INGREDIENTS (serves 4)
- 2 tablespoons olive oil
- 1 tablespoon finely chopped fresh sage
- 2 pound butternut or kabocha squash, peeled, seeded, and cut into small ½-inch pieces (about 3 cups)
- 1 medium yellow onion, chopped
- 2 garlic cloves, chopped
- 1 pinch of red pepper flakes
- Sea salt and/or kosher salt
- Freshly ground black pepper
- 2 cups vegetable/chicken broth (I used a little less)
- 12 ounces whole grain linguine or fettuccine
- OPTIONAL: shaved Parmesan, BACON…side of spinach…
- Heat oil in 12 inch skillet or large dutch oven over medium heat. Once the oil is shimmering, add the sage and toss to coat. Let the sage get crispy before transferring it to a small bowl. Sprinkle it lightly with sea salt and set the bowl aside.
- Add squash, onion, garlic and red pepper flakes to skillet. Season with salt and pepper. Cook, stirring occasionally, until onion is translucent, about 8 to 10 minutes.
- Add broth. Bring the mixture to a boil, then reduce heat and simmer until squash is soft and liquid is reduced by half, about 15 to 20 minutes.
- In the meantime, bring a large pot of salted water to a boil and cook the pasta according to package directions, stirring occasionally, until al dente. Drain, reserving 1 cup cooking liquid.
- Once the squash mixture is done cooking, remove it from heat and let it cool slightly. Transfer the contents of the pan to a blender. Reserve the skillet. Purée the mixture until smooth (beware of hot steam escaping from the top of the blender), then season with salt and pepper to taste.
- Combine pasta, squash purée and ¼ cup cooking liquid in reserved skillet and cook over medium heat, tossing and adding more pasta cooking liquid as needed, until sauce coats pasta, about 2 minutes. Season with salt and pepper if necessary.
- Serve pasta topped with fried sage, more black pepper and shaved Parmesan/Pecorino and/or smoked salt, (BACON?) if desired.
- In hindsight, spinach linguini makes for some ugly presentation. For some reason I still think spinach pasta is healthier. Probably not true.
- Save a few whole leaves of sage and fry it up for a nice garnish
- Add chopped fried bacon after blending! (I like bacon. Can you tell?)
- Onion and garlic can be chopped roughly. You’re blending it, so doesn’t matter. Squash is chopped evenly to promote even cooking.
- Set aside broth/liquid before blending so you can tweak the final consistency of the sauce. I liked my sauce thicker. Didn’t add pasta water, didn’t even use all 2 cups of broth.
Unfortunately, after all this work, I forgot to savor my meal and wolfed it down in five minutes. As most parents, I now have a habit of eating as fast as I can, even when the small human is asleep for the night. Le Sigh.

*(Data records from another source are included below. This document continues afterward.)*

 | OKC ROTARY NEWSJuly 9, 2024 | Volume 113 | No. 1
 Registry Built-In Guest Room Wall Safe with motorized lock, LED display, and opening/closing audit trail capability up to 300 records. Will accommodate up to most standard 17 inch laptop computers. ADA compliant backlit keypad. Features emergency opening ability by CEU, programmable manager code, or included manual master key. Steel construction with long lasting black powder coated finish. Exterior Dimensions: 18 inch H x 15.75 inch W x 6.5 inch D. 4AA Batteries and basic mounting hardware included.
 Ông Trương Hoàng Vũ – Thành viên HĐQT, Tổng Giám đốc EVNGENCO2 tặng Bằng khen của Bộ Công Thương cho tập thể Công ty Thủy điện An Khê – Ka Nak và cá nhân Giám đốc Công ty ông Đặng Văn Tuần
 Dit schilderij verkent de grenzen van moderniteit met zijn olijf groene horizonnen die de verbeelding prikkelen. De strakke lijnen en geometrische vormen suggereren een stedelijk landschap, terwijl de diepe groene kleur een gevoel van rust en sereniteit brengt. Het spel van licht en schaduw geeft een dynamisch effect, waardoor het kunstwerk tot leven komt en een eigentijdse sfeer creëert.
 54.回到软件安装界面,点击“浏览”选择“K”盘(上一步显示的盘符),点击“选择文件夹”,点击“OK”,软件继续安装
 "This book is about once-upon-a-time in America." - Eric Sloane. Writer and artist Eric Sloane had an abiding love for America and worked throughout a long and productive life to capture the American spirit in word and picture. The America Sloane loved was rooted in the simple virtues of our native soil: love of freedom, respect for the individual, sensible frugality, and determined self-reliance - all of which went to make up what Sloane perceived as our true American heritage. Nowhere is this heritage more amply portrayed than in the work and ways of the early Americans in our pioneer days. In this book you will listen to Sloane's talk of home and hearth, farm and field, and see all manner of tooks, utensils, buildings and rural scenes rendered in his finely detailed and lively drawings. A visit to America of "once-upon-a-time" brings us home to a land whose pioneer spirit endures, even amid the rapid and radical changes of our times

More pictures! Curtesy of RChang while I cleaned up the mess I made in the kitchen. He kept calling over to me “I don’t know… still looks like Jabba the Hutt to me..”

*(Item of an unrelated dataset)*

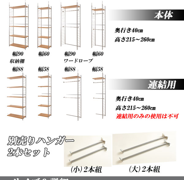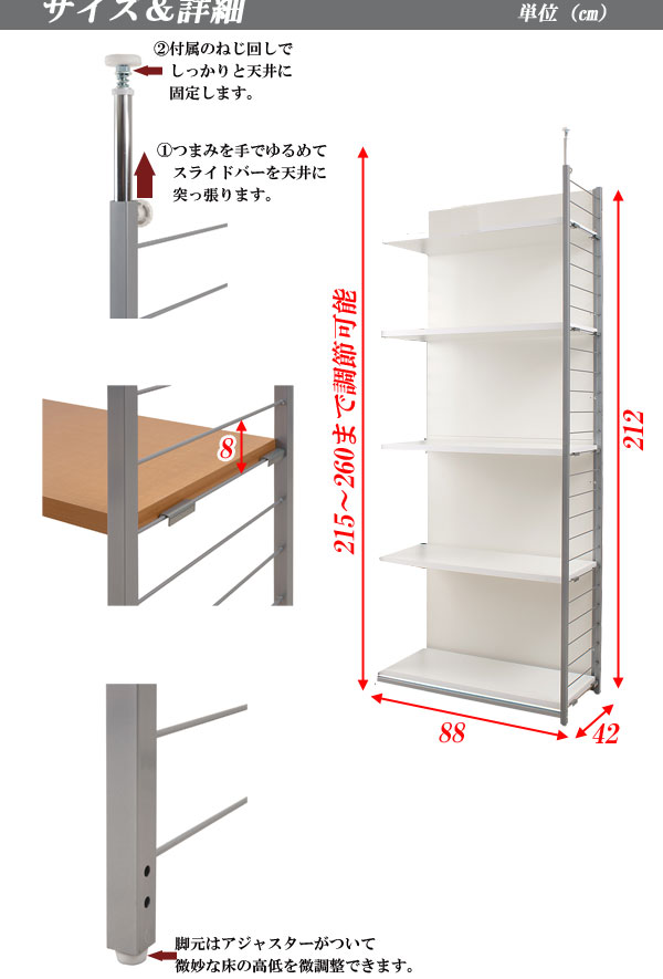■商品サイズ/本体:(約)幅88×奥行42×高さ215〜260cm、収納部内寸:(約)幅85×奥行34.5×高さ8cm間隔で25段階

So I added some embellishments.
EDIT: 2/1/17 Tried this again but with a toddler running around these days, I had to find ways to cut down my cooking time. I added onions, whole garlic cloves, and cubed squash into a roasting pan and roasted on 425F for 20m or so. Tossed it all in a food processor and thinned it out with chicken stock. So much easier. And the caramelization from roasting adds a sweetness and depth that the original version didn’t have. Yay for lazy cooks!